Alice didn’t look like she was working, to Chris. She looked like she was reveling in the moment, relishing every action.
To say that her job was her life would be to trivialize it. The reality was, the only time that Alice honestly felt like Alice, was when she was she was in the midst of an Audit. Chris had seen it a dozen times, in various place, and it never got less unnerving. He didn’t blame the guards for stammering and hugging the wall. He pitied them.
“My name is Alice Gallow, and I’m here in regards to an ongoing Audit of the Terrie Cartel, as ordered by the Director,” she gushed, grinning at the bank of cameras above the security guards’ heads. She unzipped the bag, one of the guards leaning cautiously closer to peer inside. She upended it onto the desktop, pouring dozens of heavy green German anti-personnel grenades, their pins daisy-chained and attached to one end of a carabineer with wire.
“I don’t have an appointment. Is that going to be a problem?”
Both of the guards moved in unison, one reaching for his gun, the other trying to meld himself with the marble paneled wall behind him, his mouth moving in some kind of desperate plea or prayer, his eyes mad with panic. Alice paused a moment to relish it, before yanking on the carabineer. The pins gave way in rapid succession, a satisfying chorus of near-simultaneous clicks. Alice fell backwards through her own shadow just ahead of the blast wave.
The detonation itself was deafening. The wall panels buckled and rattled, and the air was suddenly dense with particles of glass and wood, and bits of the unfortunate guards, all deformed by the velocity of the force that propelled them. The desk area itself simply disintegrated, the larger chunks tossed straight up toward the white painted ceiling, leaving behind a pile of splintered, smoldering wood.
Next to Chris, huddled behind a retaining column near the glass frontage of the office building, Alice laughed until she wept, pressing her face into her folded arms and rocking back and forth. Chris looked away, carefully removing the fragments of safety glass from his hair, the front windows and doors having shattered with the shockwave of the explosion.
“I do hope that the rest of your plan is better thought out,” Chris said, standing up and wiping soot and dust from his hopelessly stained suit.
Alice smiled back at him, her expression satisfied and benign, her cheeks streaked with tears that had left a trail behind them in the ash and dust that smeared her face. Chris clucked his tongue, fished a handkerchief from his inside pocket, and proceeded to wipe Alice’s face an approximation of clean. Alice simply allowed this to happen, grinning cheerfully up at him.
“You ready?”
Chris examined his handkerchief sadly. For a moment, he looked as if he was going to return it to his pocket, but then he thought better of it and tossed it aside.
Alice nodded and stood up, brushing the front of her coat absently.
“Of course, Chris,” she said quietly, patting him on the shoulder and then walking past him. “This is the best part of the job. You’ll see.”
After a moment, Chris followed her across the ruined entryway, around the charred remains of the front desk, and up to a bank of shining brushed metal elevators.
“Probably,” Chris agreed glumly. “I never actually wanted to, though. Are we really just going to take the elevator up?”
Alice shrugged and pressed the call button.
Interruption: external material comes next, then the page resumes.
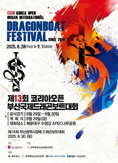 [중앙뉴스라인, 우제헌기자] 부산시는 오늘(28일)부터 9월 1일까지 5일간 수영강 에이펙(APEC) 나루공원 일원에서 '제13회 코리아오픈 부산국제드래곤보트대회 및 제16회 부산광역시장배 드래곤보트대회'를 개최한다고 밝혔다.

“Why not? They must know I’m here, and who I am. I did announce myself and my business,” she said, gesturing at the remains of the security cameras.
“Quite,” Chris said dryly. “This isn’t my usual stock in trade. Alice, dear, I don’t know how much good I’m going to be able to do you.”
She looked over at him briefly, the dreamy smile fixed on her face, her blue eyes smoldering.
“I have a pretty good idea how much harm you’ve done, Chris,” Alice said brightly. “So I’d suggest that trying to do me at least that much good is probably your best strategy right now.”
Chris straightened his tie with thin, white fingers, and smoothed his hair in the reflection of the polished brass that framed the elevator, frowning slightly at his appearance.
“Very well. If that is how it has to be. I warn you, though, that this is an ineffective, and in all probability, wasteful use of my services.”
Alice nodded, tapping the toe of her boot against the brushed aluminum doors of the elevator, leaving small dents in the surface.
“You’re probably right,” Alice agreed. “But, I don’t have any virgins I need attacked in their beds at this particular moment.”
The elevator chime rang and then the doors slid smoothly open. Inside, the elevator looked like a narrow brass bullet, all contoured lines and burnished metal. Alice walked in and Chris followed, and a moment later the doors slid shut behind them, with a sound that was oddly like a protracted sigh.
“Actually,” Alice said thoughtfully, as the elevator began its almost imperceptible assent, “if I did, I’d probably take care of that one myself.”
Chris attempted to buff his cufflinks, and then gave up in despair when he realized the one had already been completely lost.
“That’s the problem with you,” he grumbled. “No sense of when to delegate.”
Alice chuckled, and then they were silent for a while, watching the slow climb of the red numbers in the LCD screen mounted above the door.
“And when we get to the top…” Chris proffered, looking at Alice warily.
Alice smiled back at him smugly.
“You kill everyone we find up there,” Alice said, her tone cheerful. “Don’t worry, I’ll be watching your back for you, so you can concentrate on convincing me that your little dalliance with our enemies was, in fact, accidental.”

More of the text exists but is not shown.